Related to #1532 At the moment, using LoftQ is quite cumbersome, as shown in this example: https://github.com/huggingface/peft/tree/7e84dec20b3106bdd0a90ba8e80187f0aec835b7/examples/loftq_finetuning Essentially, users have to: 1. Load the non-quantized model with LoftQ (which can be quite huge) 2. Modify the PEFT config 3. Save the adapter 4. Unwrap the base model 5. Save the base model with modified weights (i.e. a whole copy of the base model) 6. Load the base model from step 5 with bnb quantization 7. Load the adapter from step 3 Yes, there is a helper script to do this, but this still has the advantage that we need to load the non-quantized model and that we have to create a completely new model checkpoint with the modified weights. This PR aims to make this process more convenient by adding a single function replace_lora_weights_loftq. This function takes the bnb-quantized LoRA model as input. Then it goes through each module with LoRA weights, lazily loads the corresponding non-quantized weights one at a time using safetensors, computes the quantization error, and replaces the LoRA weights with LoftQ-initialized LoRA weights. This is much more convenient because we only require very little extra memory thanks to lazy loading, and we don't have to keep an extra copy of the weights. While working on this, I still found that LoftQ initialization often did not seem to help a lot, as mentioned in #1532. I measured this by creating (1) logits with the base model, (2) with the quantized+LoRA model, and (3) with the quantized+LoRA+LoftQ model.
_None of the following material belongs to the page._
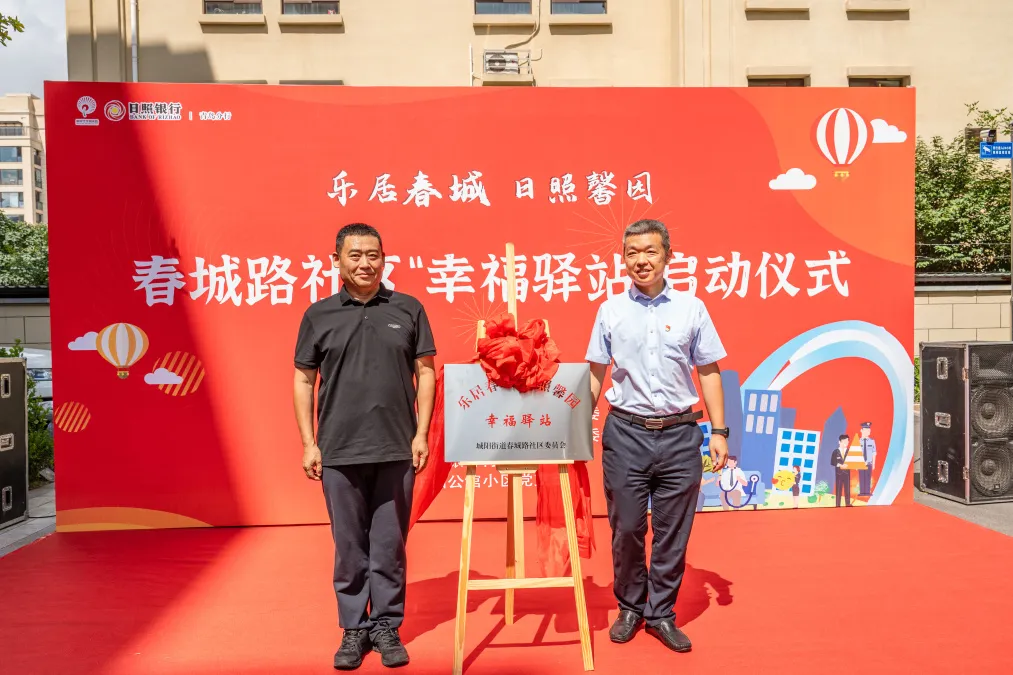 7月25日上午,幸福驿站启动仪式在正阳公馆小区举行,城阳街道党工委委员、武装部部长宋时雨与日照银行青岛分行党委委员、副行长何帅为活动致辞,共同为“乐居春城 日照馨园”幸福驿站揭牌,并为幸福驿站的所有“红色合伙人”颁发了牌匾。

The expectation is that (1) should be closer to (3) than to (2). This was often not the case. I therefore added the possibility to run a check each time that we replace a LoRA weight with the LoftQ weights. If this check returns True, we proceed to the next weight, otherwise we discard the change. That way, we only make the replacement with LoftQ weights if we see a real improvement. Of course, this is only a form of greedy optimization, but it seems to work in practice. And since it's optional, users can choose not to use it. This doesn't support 8bit quantization and the num_iter arguments of LoftQ. However, the replace_lora_weights_loftq function can be called multiple times in a row for slightly improved results. --------- Co-authored-by: Steven Liu <[email protected]>
huggingface · Mar 20, 2024 · 8e979fc · 8e979fc
1 parent a86b29a
commit 8e979fc
Show file tree

Hide file tree

Showing 8 changed files with 1,086 additions and 2 deletions.
diff --git a/docs/source/developer_guides/lora.md b/docs/source/developer_guides/lora.md
@@ -42,10 +42,37 @@ config = LoraConfig(init_lora_weights=False, ...)
 
 ### LoftQ
 
+#### Standard approach
+
 When quantizing the base model for QLoRA training, consider using the [LoftQ initialization](https://arxiv.org/abs/2310.08659), which has been shown to improve performance when training quantized models. The idea is that the LoRA weights are initialized such that the quantization error is minimized. To use LoftQ, follow [these instructions](https://github.com/huggingface/peft/tree/main/examples/loftq_finetuning).
 
 In general, for LoftQ to work best, it is recommended to target as many layers with LoRA as possible, since those not targeted cannot have LoftQ applied. This means that passing `LoraConfig(..., target_modules="all-linear")` will most likely give the best results. Also, you should use `nf4` as quant type in your quantization config when using 4bit quantization, i.e. `BitsAndBytesConfig(load_in_4bit=True, bnb_4bit_quant_type="nf4")`.
 
+#### A more convienient way
+
+An easier but more limited way to apply LoftQ initialization is to use the convenience function `replace_lora_weights_loftq`. This takes the quantized PEFT model as input and replaces the LoRA weights in-place with their LoftQ-initialized counterparts.
+
+```python
+from peft import replace_lora_weights_loftq
+from transformers import BitsAndBytesConfig
+
+bnb_config = BitsAndBytesConfig(load_in_4bit, ...)
+base_model = AutoModelForCausalLM.from_pretrained(..., quantization_config=bnb_config)
+# note: don't pass init_lora_weights="loftq" or loftq_config!
+lora_config = LoraConfig(task_type="CAUSAL_LM")
+peft_model = get_peft_model(base_model, lora_config)
+replace_lora_weights_loft(peft_model)
+```
+
+`replace_lora_weights_loftq` also allows you to pass a `callback` argument to give you more control over which layers should be modified or not, which empirically can improve the results quite a lot. To see a more elaborate example of this, check out [this notebook](https://github.com/huggingface/peft/blob/main/examples/loftq_finetuning/LoftQ_weight_replacement.ipynb).
+
+`replace_lora_weights_loftq` implements only one iteration step of LoftQ. This means that only the LoRA weights are updated, instead of iteratevily updating LoRA weights and quantized base model weights. This may lead to lower performance but has the advantage that we can use the original quantized weights derived from the base model, instead of having to keep an extra copy of modified quantized weights. Whether this tradeoff is worthwhile depends on the use case.
+
+At the moment, `replace_lora_weights_loftq` has these additional limitations:
+
+- Model files must be stored as a `safetensors` file.
+- Only bitsandbytes 4bit quantization is supported.
+
 <Tip>
 
 Learn more about how PEFT works with quantization in the [Quantization](quantization) guide.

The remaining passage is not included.